_WHAT IS REQUIRED:_
Using the data below, return word for word every line from the one holding "Photoperiod control can" down to the one holding "Стойка уличного бара". Leave pictures out.

_DATA FOR THIS TASK:_
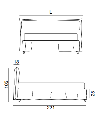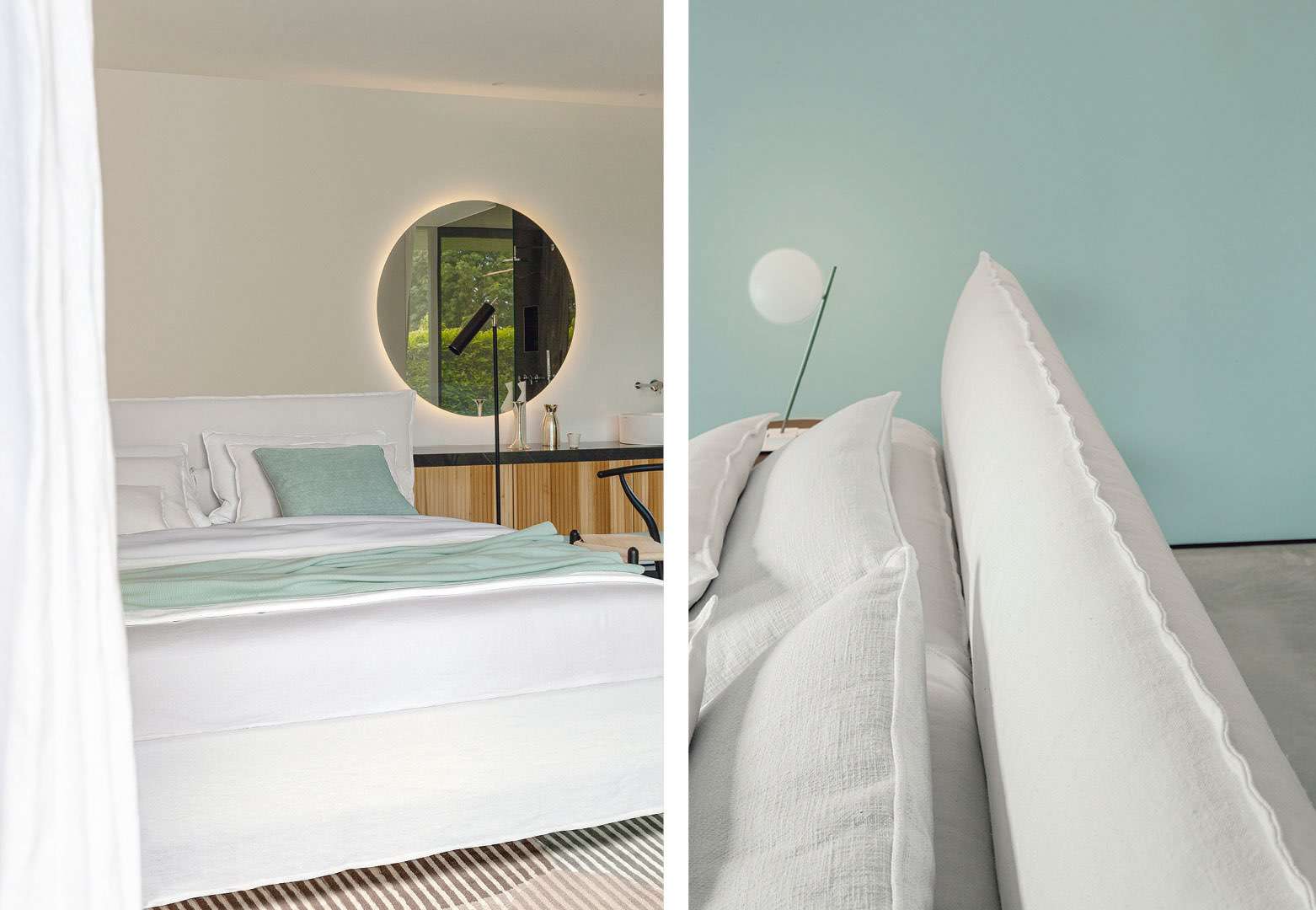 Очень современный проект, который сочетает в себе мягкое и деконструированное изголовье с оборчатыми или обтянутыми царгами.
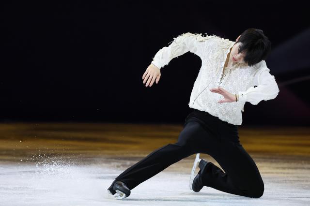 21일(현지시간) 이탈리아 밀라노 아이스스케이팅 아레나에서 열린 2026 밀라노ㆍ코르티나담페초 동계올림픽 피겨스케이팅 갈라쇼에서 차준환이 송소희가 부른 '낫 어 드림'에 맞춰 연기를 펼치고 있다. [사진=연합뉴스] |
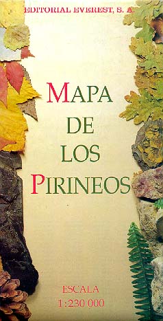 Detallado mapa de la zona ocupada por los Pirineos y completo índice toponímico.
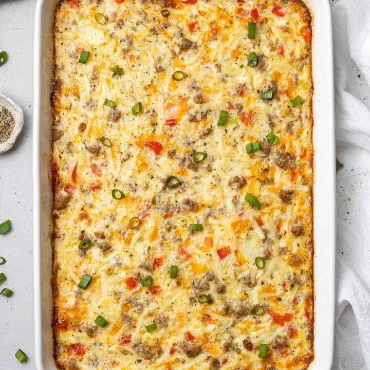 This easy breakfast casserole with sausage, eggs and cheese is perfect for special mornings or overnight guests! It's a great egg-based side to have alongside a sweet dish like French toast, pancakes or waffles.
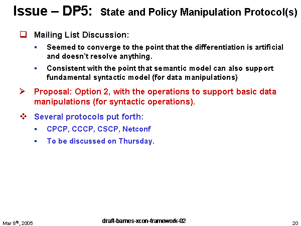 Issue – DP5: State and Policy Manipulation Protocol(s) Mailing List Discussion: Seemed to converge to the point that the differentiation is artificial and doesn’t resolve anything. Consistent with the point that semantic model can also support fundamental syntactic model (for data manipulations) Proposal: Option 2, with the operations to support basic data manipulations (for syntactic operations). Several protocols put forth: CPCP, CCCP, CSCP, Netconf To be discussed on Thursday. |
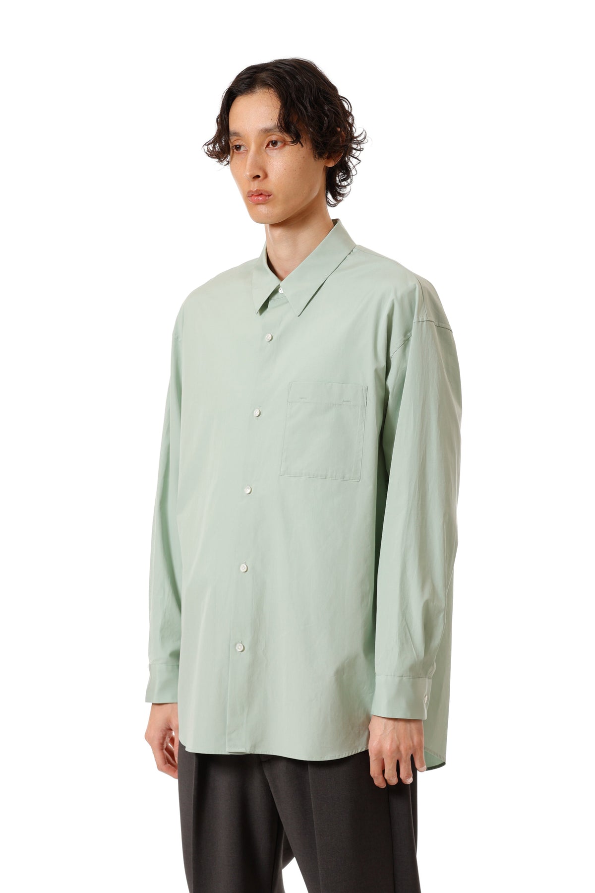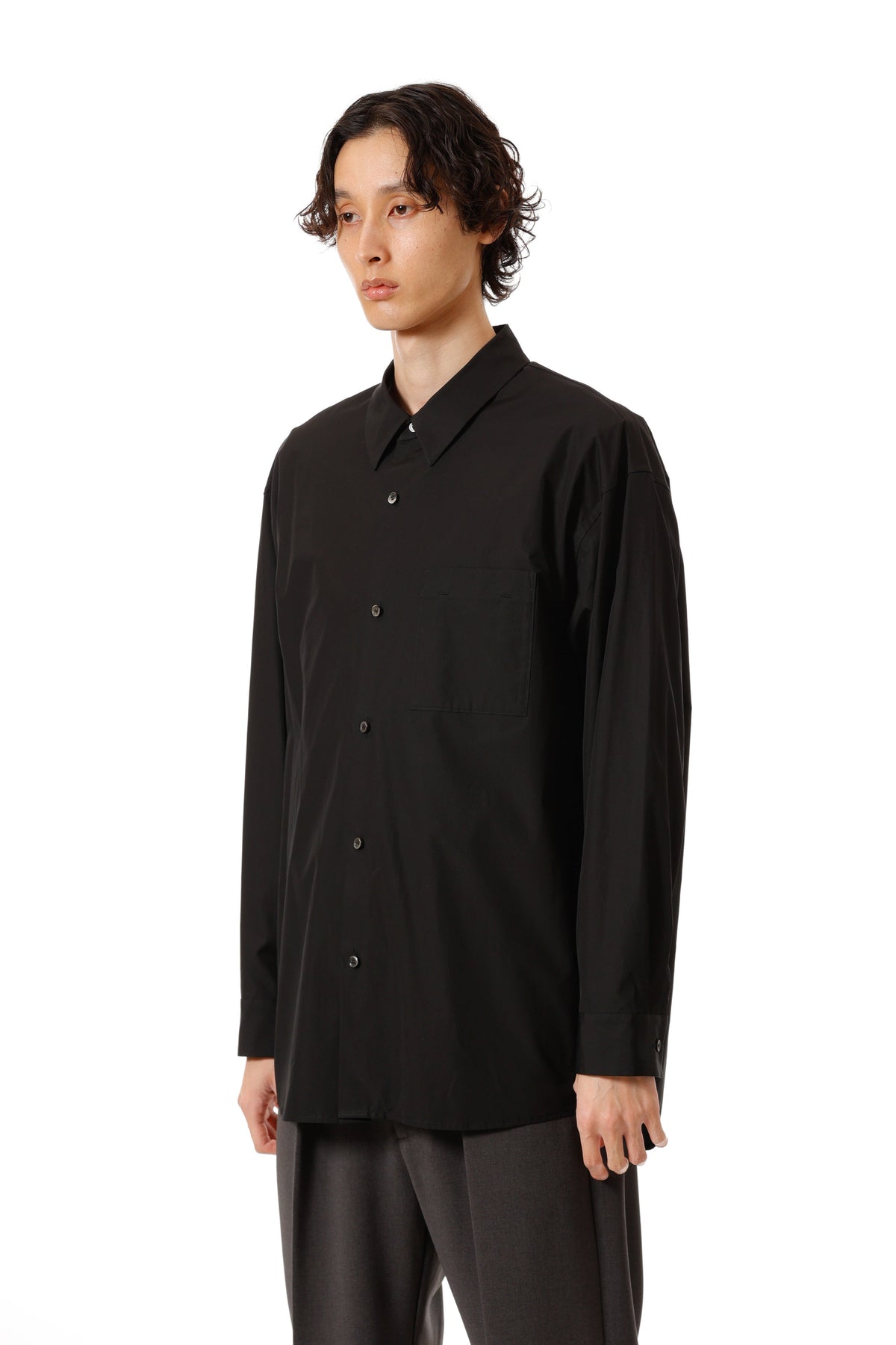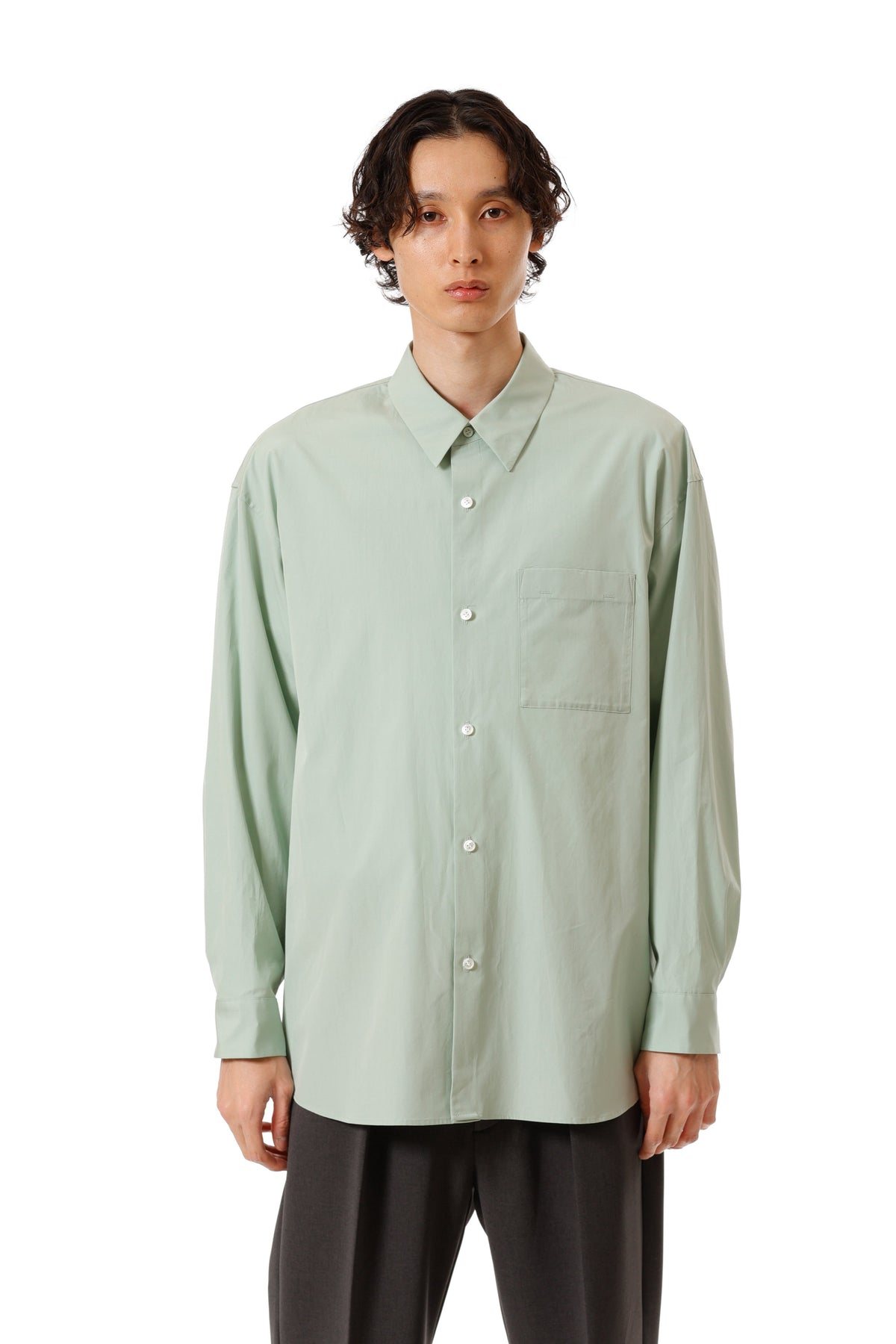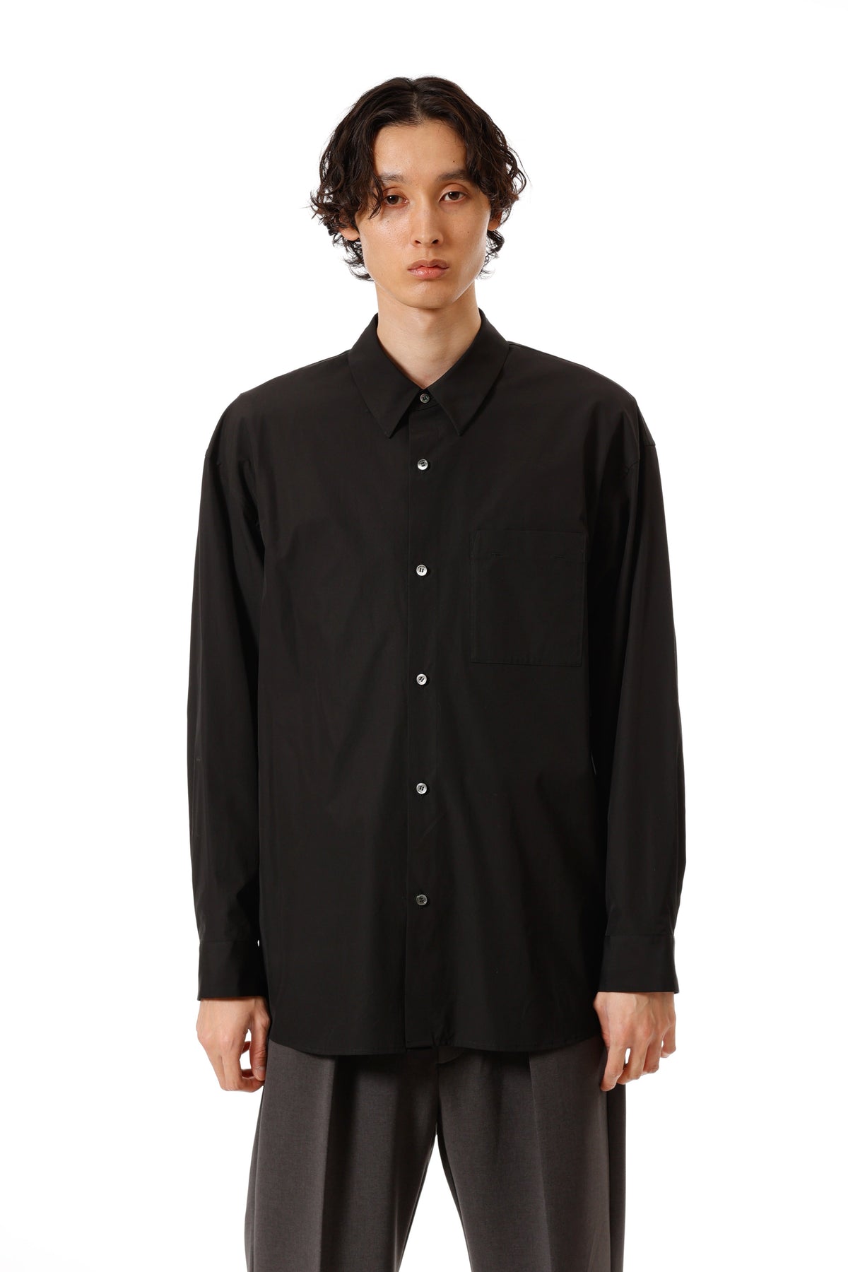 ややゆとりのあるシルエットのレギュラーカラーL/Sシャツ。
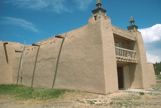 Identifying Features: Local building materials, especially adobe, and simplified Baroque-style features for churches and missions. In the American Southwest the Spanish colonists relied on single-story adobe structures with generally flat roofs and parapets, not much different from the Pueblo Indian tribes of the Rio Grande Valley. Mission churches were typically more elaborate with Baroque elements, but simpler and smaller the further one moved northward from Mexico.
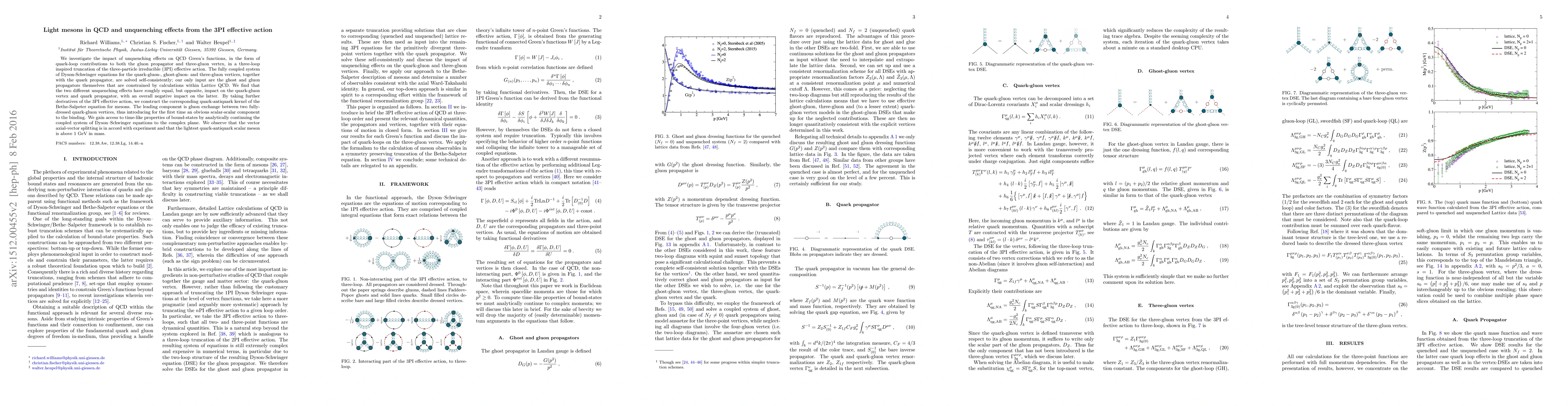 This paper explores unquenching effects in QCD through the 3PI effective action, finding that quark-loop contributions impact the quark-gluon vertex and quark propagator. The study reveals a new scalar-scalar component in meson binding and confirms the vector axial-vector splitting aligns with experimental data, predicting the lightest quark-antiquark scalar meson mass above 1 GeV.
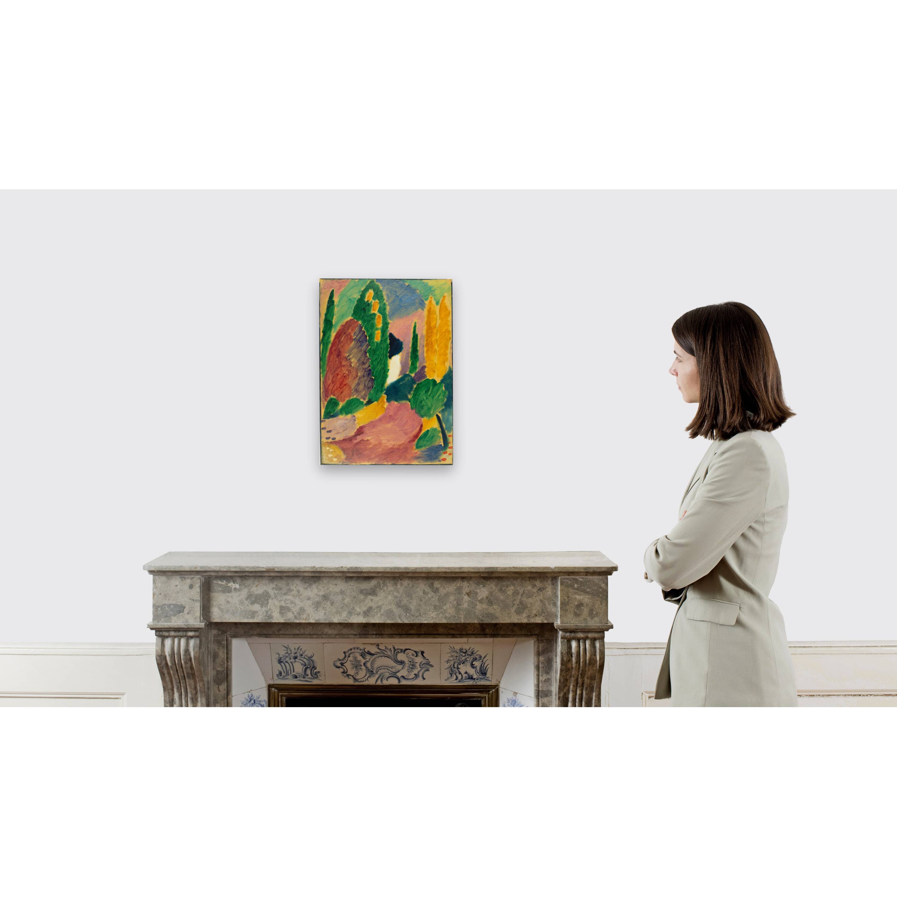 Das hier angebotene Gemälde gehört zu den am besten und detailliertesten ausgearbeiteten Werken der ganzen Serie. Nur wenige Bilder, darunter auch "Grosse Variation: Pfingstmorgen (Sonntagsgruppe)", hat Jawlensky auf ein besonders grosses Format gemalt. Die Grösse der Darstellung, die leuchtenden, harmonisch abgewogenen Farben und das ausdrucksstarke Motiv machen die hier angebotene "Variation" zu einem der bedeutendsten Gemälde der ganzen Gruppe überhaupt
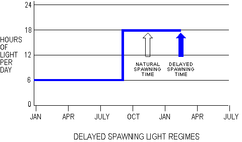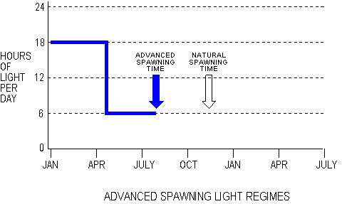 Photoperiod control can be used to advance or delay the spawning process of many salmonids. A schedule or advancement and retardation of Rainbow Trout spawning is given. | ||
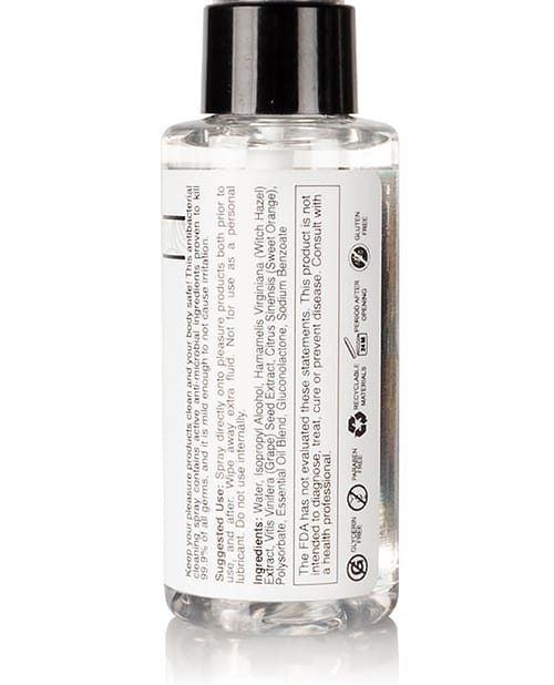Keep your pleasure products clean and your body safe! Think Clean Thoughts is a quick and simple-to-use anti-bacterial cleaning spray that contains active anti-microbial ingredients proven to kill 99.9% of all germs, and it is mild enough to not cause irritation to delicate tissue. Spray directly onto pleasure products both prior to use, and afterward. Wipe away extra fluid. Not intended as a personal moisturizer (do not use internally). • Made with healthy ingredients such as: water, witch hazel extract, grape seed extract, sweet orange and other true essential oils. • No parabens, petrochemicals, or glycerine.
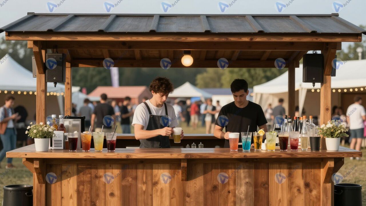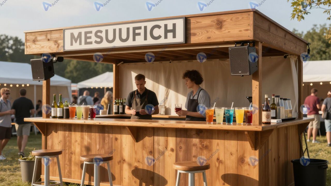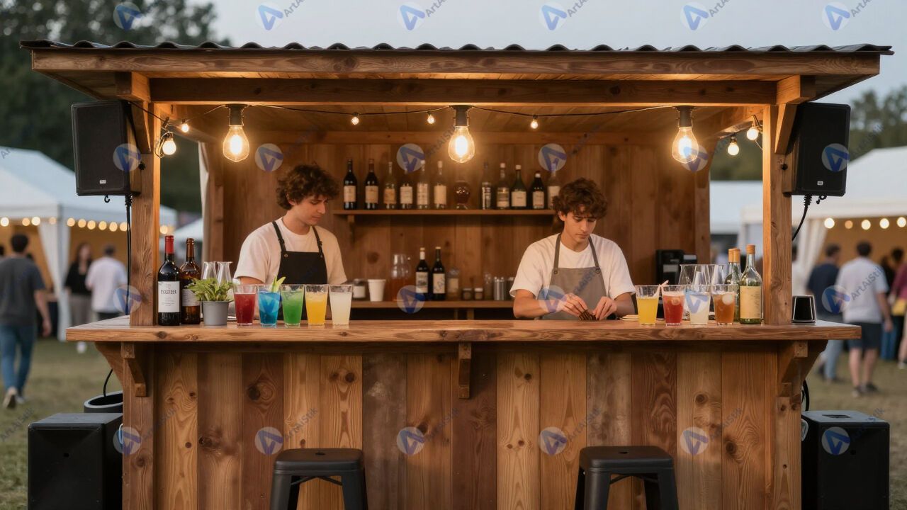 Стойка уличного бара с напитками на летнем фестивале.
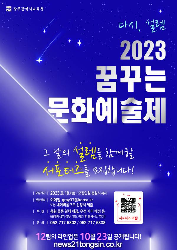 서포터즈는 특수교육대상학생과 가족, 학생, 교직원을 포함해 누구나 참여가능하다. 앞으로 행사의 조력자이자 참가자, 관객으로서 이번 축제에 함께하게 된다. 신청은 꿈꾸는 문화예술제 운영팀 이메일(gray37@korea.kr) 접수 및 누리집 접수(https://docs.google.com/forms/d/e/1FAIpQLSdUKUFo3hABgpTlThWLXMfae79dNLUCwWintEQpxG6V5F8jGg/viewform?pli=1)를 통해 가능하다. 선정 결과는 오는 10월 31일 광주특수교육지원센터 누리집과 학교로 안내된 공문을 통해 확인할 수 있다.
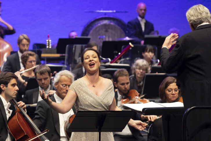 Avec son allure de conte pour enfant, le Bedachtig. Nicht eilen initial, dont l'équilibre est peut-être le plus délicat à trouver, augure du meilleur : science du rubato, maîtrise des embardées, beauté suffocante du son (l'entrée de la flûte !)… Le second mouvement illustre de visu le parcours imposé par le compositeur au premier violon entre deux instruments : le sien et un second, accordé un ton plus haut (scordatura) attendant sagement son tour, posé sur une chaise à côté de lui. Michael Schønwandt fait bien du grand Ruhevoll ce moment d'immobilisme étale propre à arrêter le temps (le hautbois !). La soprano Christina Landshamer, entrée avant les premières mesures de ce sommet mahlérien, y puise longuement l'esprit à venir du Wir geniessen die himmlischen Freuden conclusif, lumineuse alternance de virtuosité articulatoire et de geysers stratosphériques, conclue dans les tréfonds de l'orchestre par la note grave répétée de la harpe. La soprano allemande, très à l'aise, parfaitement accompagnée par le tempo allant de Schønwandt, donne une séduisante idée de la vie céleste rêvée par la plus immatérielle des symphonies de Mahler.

_RESPONSE:_
 Photoperiod control can be used to advance or delay the spawning process of many salmonids. A schedule or advancement and retardation of Rainbow Trout spawning is given. | ||
Keep your pleasure products clean and your body safe! Think Clean Thoughts is a quick and simple-to-use anti-bacterial cleaning spray that contains active anti-microbial ingredients proven to kill 99.9% of all germs, and it is mild enough to not cause irritation to delicate tissue. Spray directly onto pleasure products both prior to use, and afterward. Wipe away extra fluid. Not intended as a personal moisturizer (do not use internally). • Made with healthy ingredients such as: water, witch hazel extract, grape seed extract, sweet orange and other true essential oils. • No parabens, petrochemicals, or glycerine.
 Стойка уличного бара с напитками на летнем фестивале.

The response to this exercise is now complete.